**What is being asked**
Among the lines of the data below, count those that hold the word "Bataille". Answer with the number alone.

**Input records**
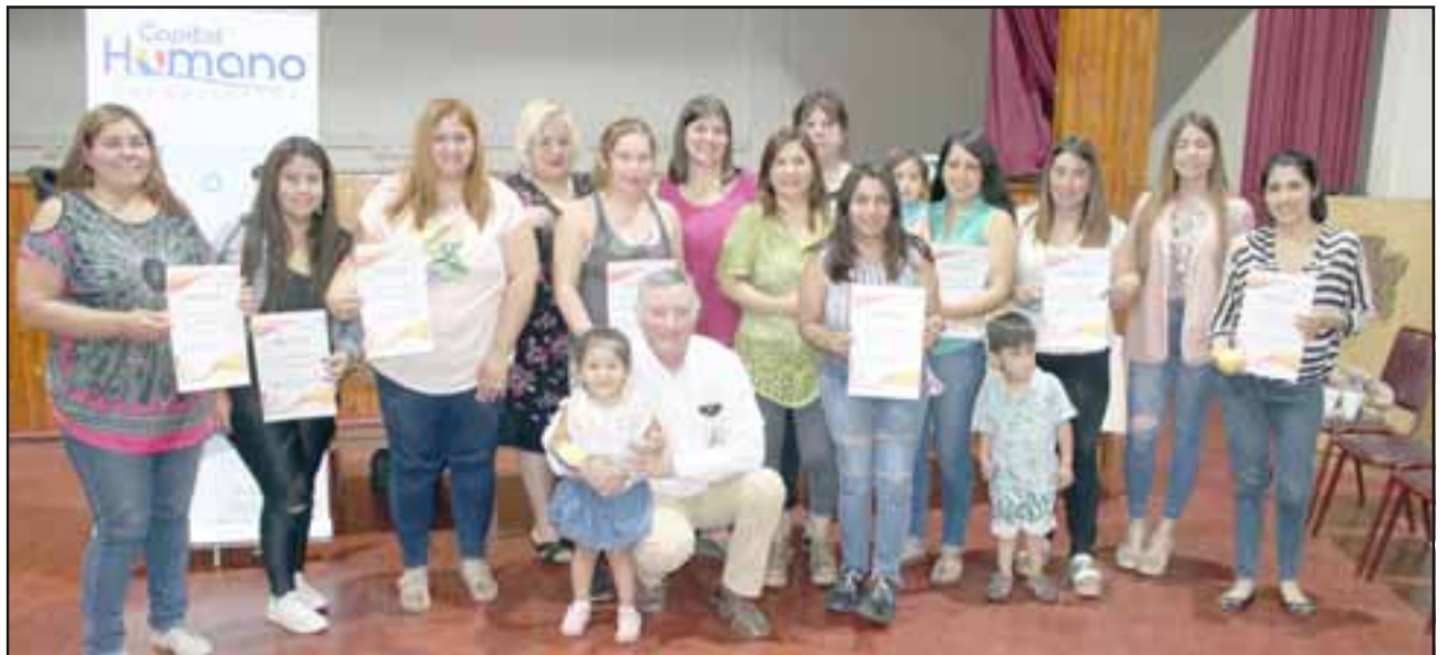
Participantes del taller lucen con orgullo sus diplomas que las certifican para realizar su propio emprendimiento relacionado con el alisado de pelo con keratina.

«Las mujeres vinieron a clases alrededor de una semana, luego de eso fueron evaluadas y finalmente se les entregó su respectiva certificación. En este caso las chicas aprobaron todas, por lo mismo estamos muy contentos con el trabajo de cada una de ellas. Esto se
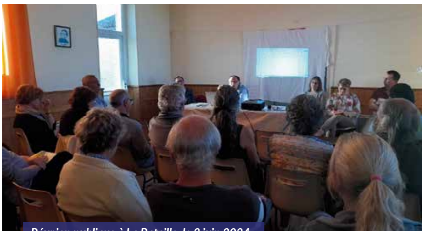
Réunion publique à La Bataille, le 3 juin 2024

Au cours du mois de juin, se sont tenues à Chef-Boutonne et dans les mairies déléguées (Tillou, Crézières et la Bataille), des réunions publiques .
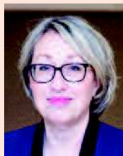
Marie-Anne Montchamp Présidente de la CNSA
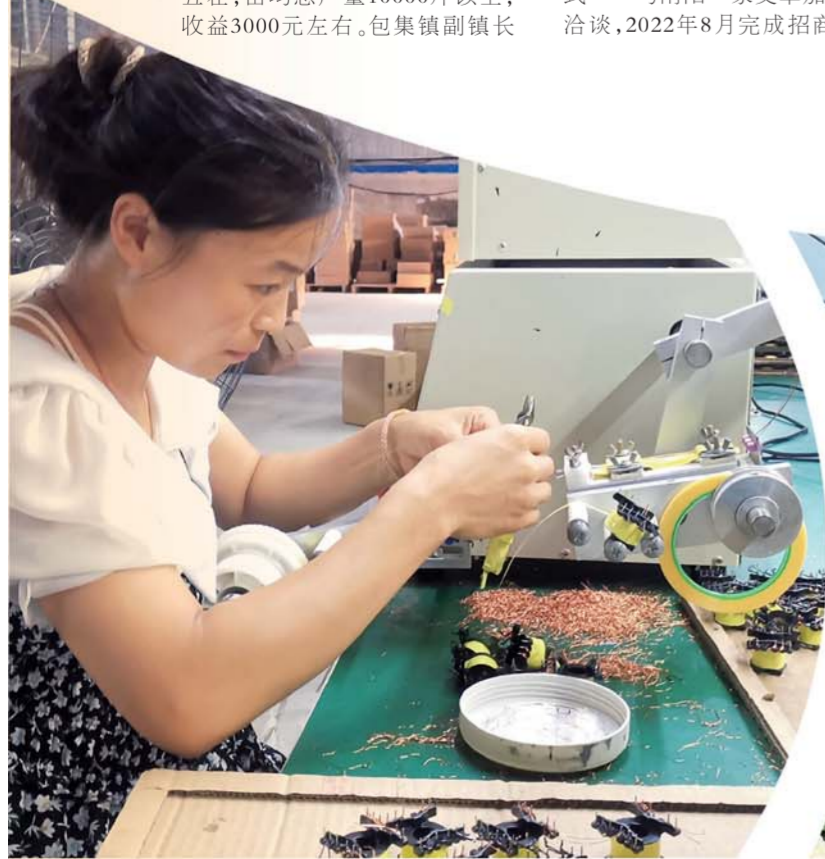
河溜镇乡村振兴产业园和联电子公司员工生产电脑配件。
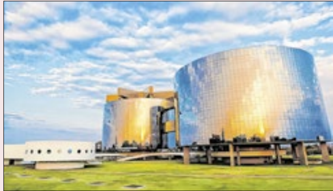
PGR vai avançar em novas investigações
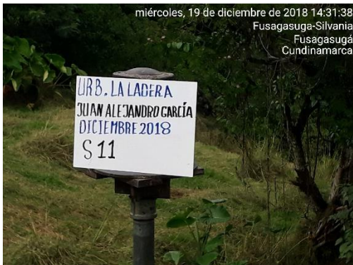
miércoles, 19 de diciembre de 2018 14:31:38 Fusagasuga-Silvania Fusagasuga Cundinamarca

* * *

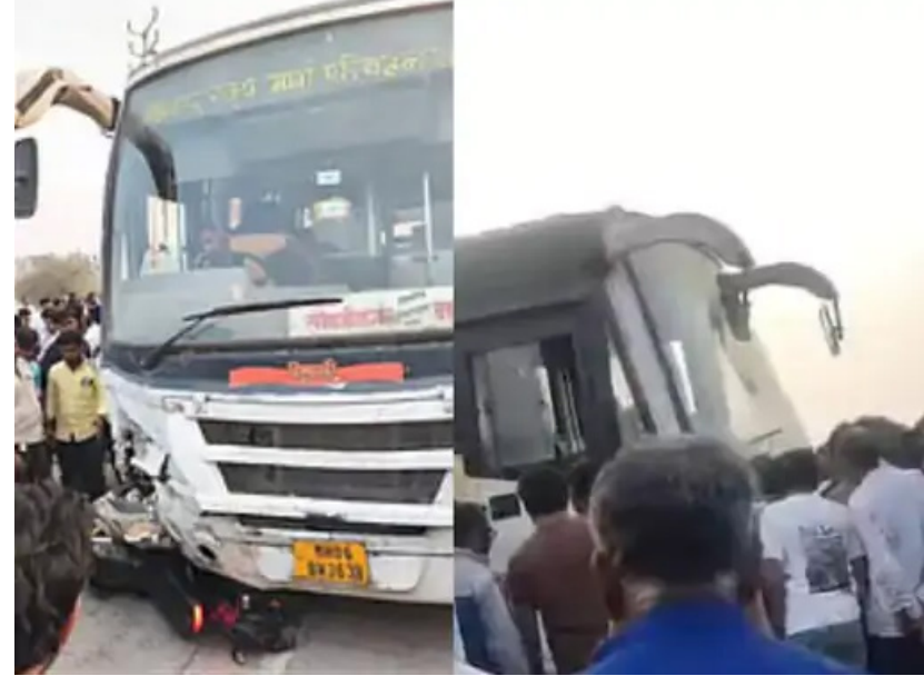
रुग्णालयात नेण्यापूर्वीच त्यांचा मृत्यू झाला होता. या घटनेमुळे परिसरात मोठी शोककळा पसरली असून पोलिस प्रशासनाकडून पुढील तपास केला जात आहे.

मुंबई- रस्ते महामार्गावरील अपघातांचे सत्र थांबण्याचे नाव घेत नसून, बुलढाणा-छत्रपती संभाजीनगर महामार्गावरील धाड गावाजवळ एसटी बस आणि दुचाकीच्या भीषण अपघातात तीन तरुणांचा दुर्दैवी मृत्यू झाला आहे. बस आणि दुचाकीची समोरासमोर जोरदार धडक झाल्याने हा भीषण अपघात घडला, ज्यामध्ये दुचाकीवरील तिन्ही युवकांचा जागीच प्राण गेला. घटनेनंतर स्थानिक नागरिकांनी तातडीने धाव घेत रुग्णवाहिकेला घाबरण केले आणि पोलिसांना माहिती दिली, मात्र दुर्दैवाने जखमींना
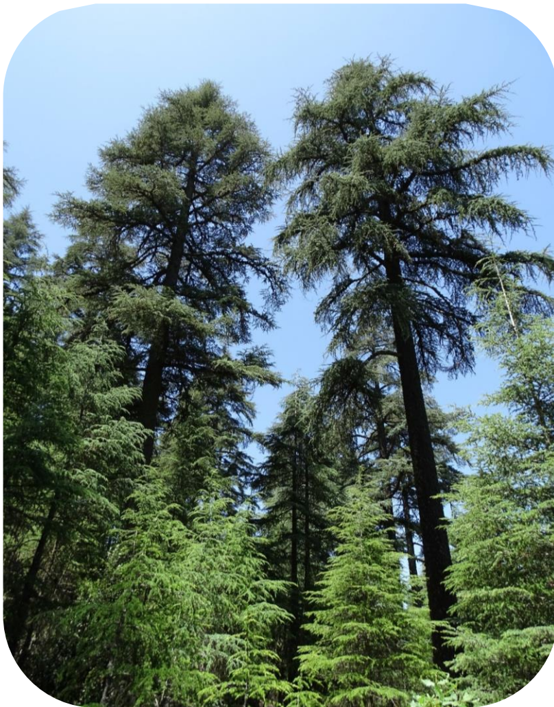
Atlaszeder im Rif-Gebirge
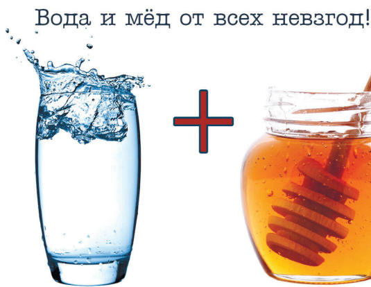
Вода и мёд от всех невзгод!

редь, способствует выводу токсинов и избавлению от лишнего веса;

**Written response**
2